Sarah paled. “You’re right.”
“And I can just see myself telling our jailor, ‘Please sir, let my friend out. She has thirty ghosts trying to talk to her; half are insane, and the other half are murderous.’ I’m sure that would do us and the cause a world of good.” She began braiding her hair deftly. “Neither of us are any good at public speaking, and we don’t have secretarial skills, so there we are again. The most use we could be is as slogan shouters. Not very useful. Curse it all, I want to be useful, not ornamental or idle.”
“I wonder…” Sarah began, then shook her head. “No, that probably wouldn’t work.”
“What?” Nan asked, a little more sharply than she had intended. “Come out with it! You never know unless you bring it out in the open.”

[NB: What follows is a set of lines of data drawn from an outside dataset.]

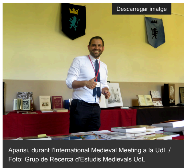
Aparisi, durant l'International Medieval Meeting a la UdL

D'altra banda, el grup de Malherbologia i Ecologia Vegetal de la UdL [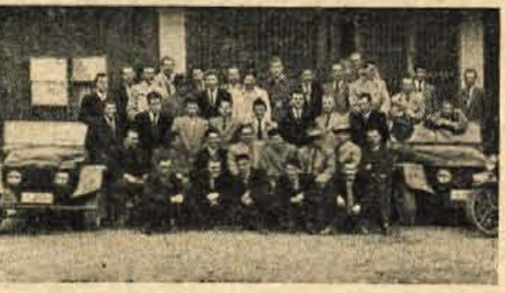
UDELEŽENCI ZADNJEGA TEČAJA

V zadnjih dneh marca je bil zaključen šoferški tečaj Avto-moto društva Kranj, ki je trajal 2 meseca. Do letos so vedno predavali tuji predavatelji, tokrat pa so prvič prevzeli to nalogo člani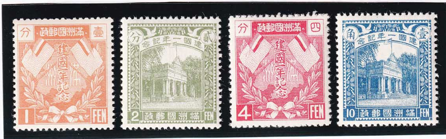
45-10 満州記念切手 建国1年4種セット OH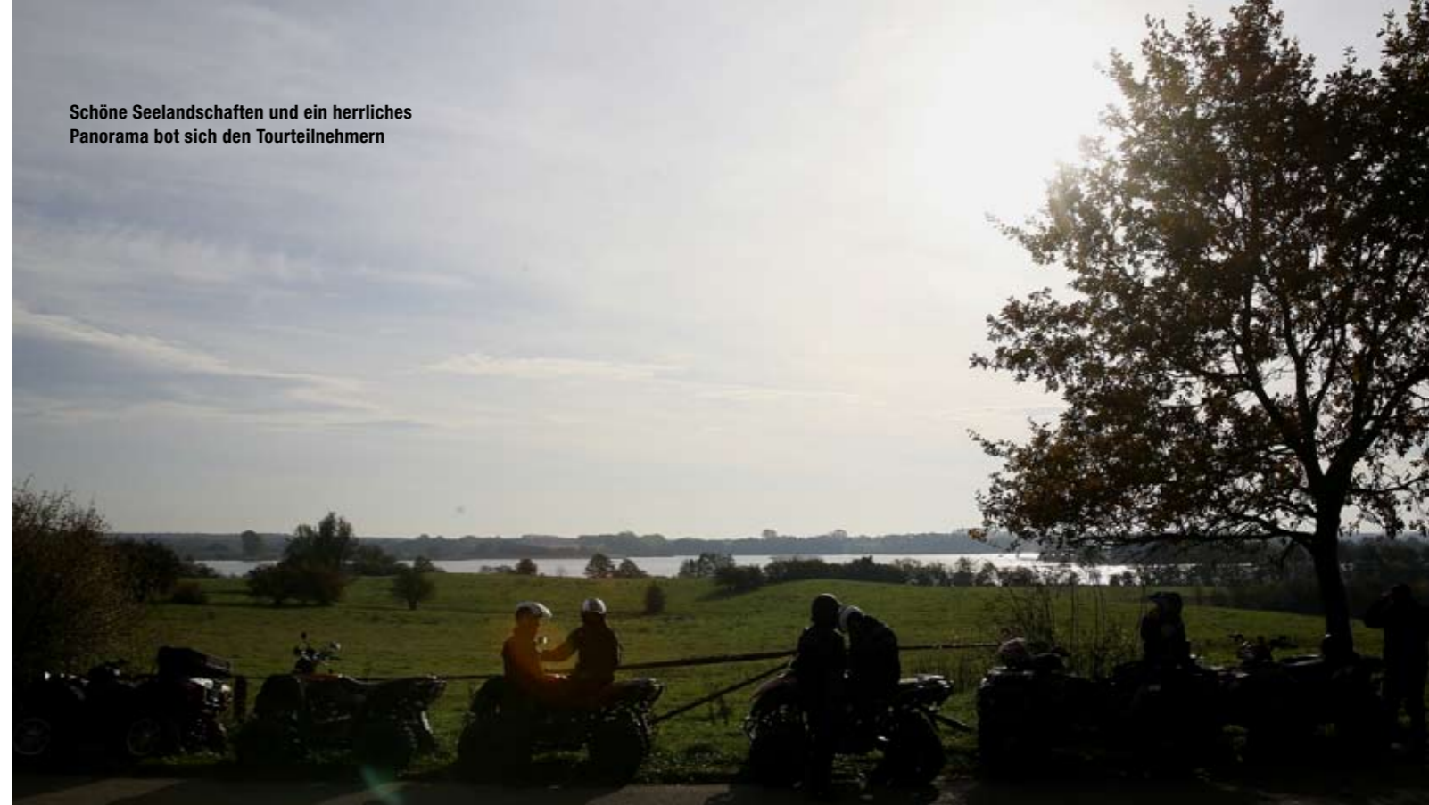
Schöne Seelandschaften und ein herrliches Panorama bot sich den Tourteilnehmern

“Well… I wonder if Lord Alderscroft could find something for us to do. He certainly hinted at it.” Sarah sounded hesitant, and Nan wasn’t entirely certain this was a viable idea either.
“Doing what?” she asked.
“Looking into things, I suppose,” Sarah replied vaguely. “I’m not sure how we would do that, though.”
“Hmm. Looking into things… like Sherlock Holmes?” Nan hazarded. “Only looking for magic and the occult?”

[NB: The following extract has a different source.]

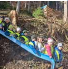
Spaß im Wald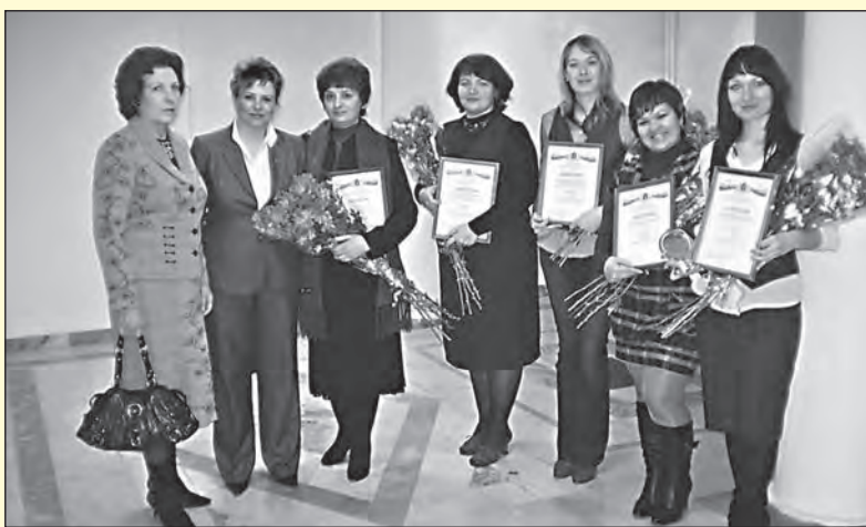
Их объединяет экономфак академии

“I think that was more-or-less what he was hinting at.” Sarah toyed with the end of her braid. “I should think we’d need some skills or something, to blend in, though.”
Nan sucked on her lower lip, thoughtfully. “Maybe not as much as you think. After all, it’s unlikely he’d ask us to investigate… oh… a haunted office. We wouldn’t need to be secretaries. We can easily fit in with Memsa’b’s class, we could pass as governesses for a little while, I think I can probably get back my street ways—though it would probably be safer to disguise myself as a young man—and neither of us are afraid of working with our hands, so we could slip in below-stairs among servants at need.…”

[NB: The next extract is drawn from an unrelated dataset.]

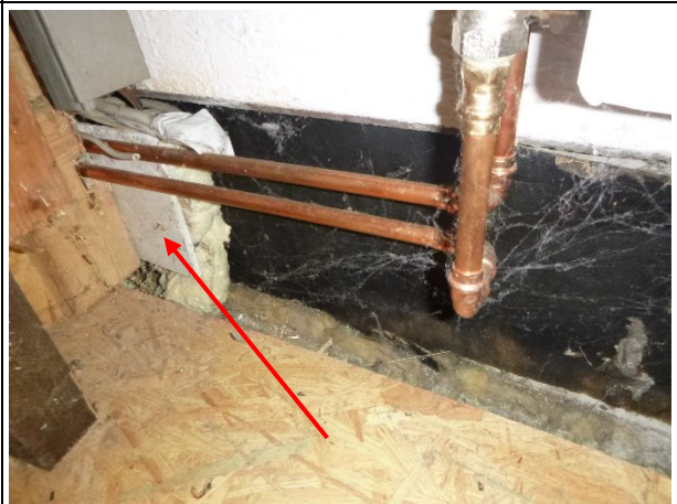
Bild 11: Untergeschoss. Decke Gipslochdecke (M15 – kein Asbest) Wände: Sichtmauerwerk mit Farbanstrich, Fußboden: OSB auf Holzkonstruktion (neuartig) Mineralwolle im Fußbodenaufbau (unterstellt KMF, K1B-Material)

Sarah clasped both her hands on her knees and looked intrigued. “When you put it that way—”
“About the only thing we can’t pass as is country folk. But if it is possible to be… oh… romantical lady poets or something, we could probably
tramp about the countryside with impunity long enough to find out what Lord A wants found out.” Nan found herself warming to this idea the more she talked about it.
“But do you think he’d have enough work for us?” Sarah asked, doubtfully.
“There’s only one way to find out,” Nan countered, and grinned when Neville quorked and flapped his wings.
“Ask! Ask!” the raven said, with great enthusiasm.
“There, you see?” Nan spread her hands wide. “Even the birds like it.”
Mari went to bed anxious. Tomorrow would be her birthday, and not just any birthday, but her eighteenth. As if that wasn’t enough, she had learned from experience that as her birthday went, so the rest of the year seemed to go. The year it had stormed on her birthday was the year there were so many storms that Daffyd Prothero had been almost the only fisherman to reliably bring in catches. That year had been good from a financial point of view, and that had been the year that many silver pennies went into the jar under the hearthstone, but it had been a nerve-wracking one for Mari, and more somberly, they’d attended three funerals of drowned fishermen that year. There had also been several wrecks, and bodies had even washed up in front of the cottage.
On the other hand, the year that the day had not only been bright and clear but as warm as summer had been an unseasonably mild one, with just enough gentle rain for the garden.
She had another reason to be uneasy as she went to bed. As the day had neared, her father had been acting strangely. She caught him staring at her with an odd, apprehensive expression on his face, many times. But whenever she tried to ask him anything that wasn’t a commonplace, he swiftly changed the subject. Maddening.
And somewhat alarming.
And there was the third thing. What would the coming year be like, if the day was marked by one or more of the Tylwyth Teg folk turning up? She shuddered to think.